O plano de governo da candidata Samara Martins, da Unidade Popular pelo Socialismo, propõe a construção de uma sociedade brasileira socialista.

O programa destaca que o Brasil é um dos países mais ricos do mundo, mas o povo vive na pobreza porque o modelo econômico favorece bancos e o mercado financeiro.

A proposta é o controle estatal do sistema financeiro e a nacionalização do sistema bancário, com o fim da autonomia do Banco Central.

O salário mínimo teria aumento imediato de 100% e a jornada de trabalho passaria para 30 horas semanais na escala 4×3, sem redução de salário.

A regulamentação do trabalho em plataformas digitais, com salário mínimo por hora, seguridade social e o fim da propriedade estrangeira dos aplicativos, estão no plano.

Empresas estratégicas como Eletrobras, Petrobras, Vale e companhias de saneamento e de telecomunicações passam a ter 100% de controle estatal.

O serviço público será reforçado com concursos regulares, e o fim do arcabouço fiscal vai garantir o reajuste nos benefícios de aposentadoria e assistência social.

A proposta defende ainda a isenção do Imposto de Renda para trabalhadores e a criação do imposto progressivo sobre grandes fortunas, lucros e heranças.

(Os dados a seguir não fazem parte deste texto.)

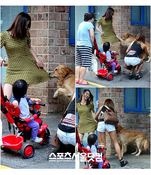 At first, Hyorin and Dasom got friendly with a golden retriever and Dasom can be seen taking a photo of Hyorin petting the cute and cuddly dog. However, when Dasom was busy playing with a kid, the golden retriever seemed to be interested in Dasom's dress.
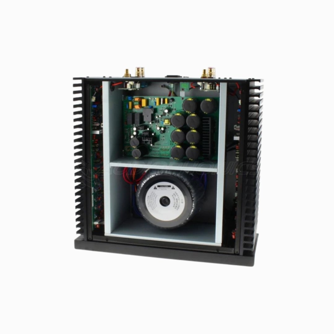 In order to develop such a power, the AD-2500PRO embeds within a differential circuit no less than 8 pairs of high-performance transistors, Onsemi NJW0281G and NJW0302G. These are integrated on independent mono amplifier modules, each dedicated to one channel, thus effectively limiting interference for pure sound reproduction. These modules are also installed on the large side-mounted heat sinks, effectively removing the heat generated by the power components.

Na segurança pública, o texto prevê a desmilitarização das polícias, que seriam unificadas sob uma estrutura civil preventiva, comunitária e humanizada.

A guerra às drogas dá lugar a um modelo focado em saúde pública e prevenção, atacando a lavagem de dinheiro das organizações criminosas no sistema financeiro.

Os presídios serão transformados em unidades de reeducação focadas em formação acadêmica, acompanhamento psicossocial e profissionalização.

No sistema de Justiça, o plano prevê eleições diretas para juízes e tribunais superiores.

Na saúde, a candidatura defende um Sistema Único de Saúde 100% estatal, sem gestão por organizações sociais e o fim da exploração dos planos de saúde privados.

O foco será a fabricação de medicamentos por laboratórios públicos para distribuição gratuita.

O programa também estabelece a obrigatoriedade do uso do SUS e das escolas públicas por agentes políticos e do Judiciário.

Na educação, a meta é destinar ao menos 10% do PIB para o setor público, revogar o Novo Ensino Médio e dar livre acesso ao ensino superior com o fim do vestibular.

A proposta de governo completa de Samara Martins está disponível na página divulgacandcontas.tse.jus.br.